Я никак не могу отделаться от ощущения, что с переезда в Краснодар моя жизнь летит, как лавина с горы. Стремительно наращивая скорость, а я ничего не могу ей противопоставить и лишь несусь в потоке таких же лишенных воли снежинок. Я не управляю событиями, иду на поводу у сиюминутных желаний и не думаю о том, что будет завтра. А еще чувствую себя настолько… свободной, что становится страшно.
– Ну ты даешь, Лиз! – у меня на кухне сидит внучка Зинаиды Петровны, болтает ногами и с громким причмокиванием прихлебывает какао. И разница в шесть лет между нами совершенно не останавливает ее от того, чтобы меня поучать: – сбежать от Волкова, чтобы ночевать одной в этой клетушке? Ты точно рехнулась! Ты фотку его последнюю в инсте видела? Он же крышесносный, обалденный и вообще отвал башки, во!

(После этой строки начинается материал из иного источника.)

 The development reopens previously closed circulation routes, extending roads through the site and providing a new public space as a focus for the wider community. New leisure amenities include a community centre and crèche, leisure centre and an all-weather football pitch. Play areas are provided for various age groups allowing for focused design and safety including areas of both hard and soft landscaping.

Аленка вскидывает большой палец вверх, а я не удерживаюсь и все-таки закатываю глаза. Потому что у этого разбудившего меня спозаранку стихийного бедствия комплексы и чувство такта отсутствуют как явление, и мне полчаса приходится выслушивать восторги в Сашкин адрес. Не то, чтобы я была сильно против, но признавать, что уехать от Волкова было глупостью, не хочется.

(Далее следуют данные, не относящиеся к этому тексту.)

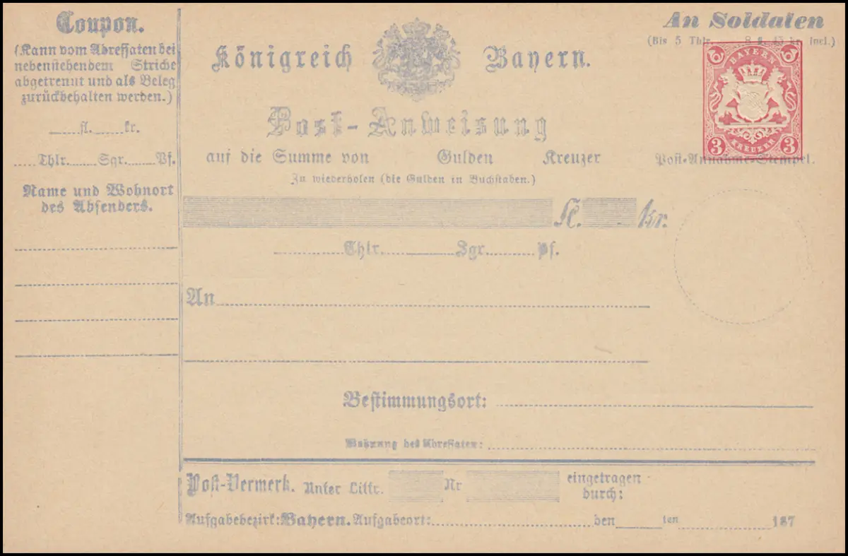 Bayern A 5 I Instruction postale 3 Armoiries de croiseur, avec mention "A des soldats," **

– Вась, а ты сессию-то зимнюю сдала? – девчонка на миг застывает и морщится то ли от такого фривольного сокращения ее фамилии, то ли от того, что я попала в яблочко.

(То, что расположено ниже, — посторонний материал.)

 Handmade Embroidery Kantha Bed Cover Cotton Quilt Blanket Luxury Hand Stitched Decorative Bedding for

– Неа, завалила, – она утаскивает которую по счету зефирину, пока я диву даюсь, куда эти все калории деваются, и равнодушно машет рукой: – академ взяла. Только бабуле не говори, я сама. Как на работу новую устроюсь.
– Тебя из студенческой библиотеки выперли, что ли? – Аленка высоко задирает подбородок, но я все равно обращаю внимание на слегка подрагивающие губы и обреченно развожу руками: – Вась, недели еще не прошло…
– Я сама ушла, – цедит Васильева сквозь плотно сжатые губы и почти моментально сдается под моим фирменным я-вижу-тебя-насквозь взглядом: – ну если насмешки одногрупников я легко могу терпеть, то ректор вряд ли простит, что я его единственного сынка стукнула по башке учебником по макроэкономике.
– Бьюсь об заклад, я бы поступила так же, – стираю с лица всезнающее выражение и подхожу к подруге сзади, мягко обнимая ее за плечи. Каждому нужна поддержка, даже если ты – ходячая катастрофа в джинсовом комбинезоне и успеваешь трижды накосячить еще до того, как встать. Особенно, если ты - ходячая катастрофа в джинсовом комбинезоне.
По пути в офис я завожу Аленку в торговый центр и обещаю в следующий раз обязательно составить ей компанию в охоте за новым платьем на распродаже. И даже соглашаюсь пойти в клуб, если мы не будем сильно напиваться и кадрить вон того хорошенького мальчика в сиреневом поло и подозрительно коротких штанах.
– Всем привет! – с не убиваемым жизнелюбием захожу в приемную и только шире улыбаюсь от чужого неудовольствия, расползающегося по коже. Ничто сегодня не сможет испортить мне настроение, особенно когда на губах все еще горят Сашкины поцелуи и мысли постоянно сворачивают не в ту сторону.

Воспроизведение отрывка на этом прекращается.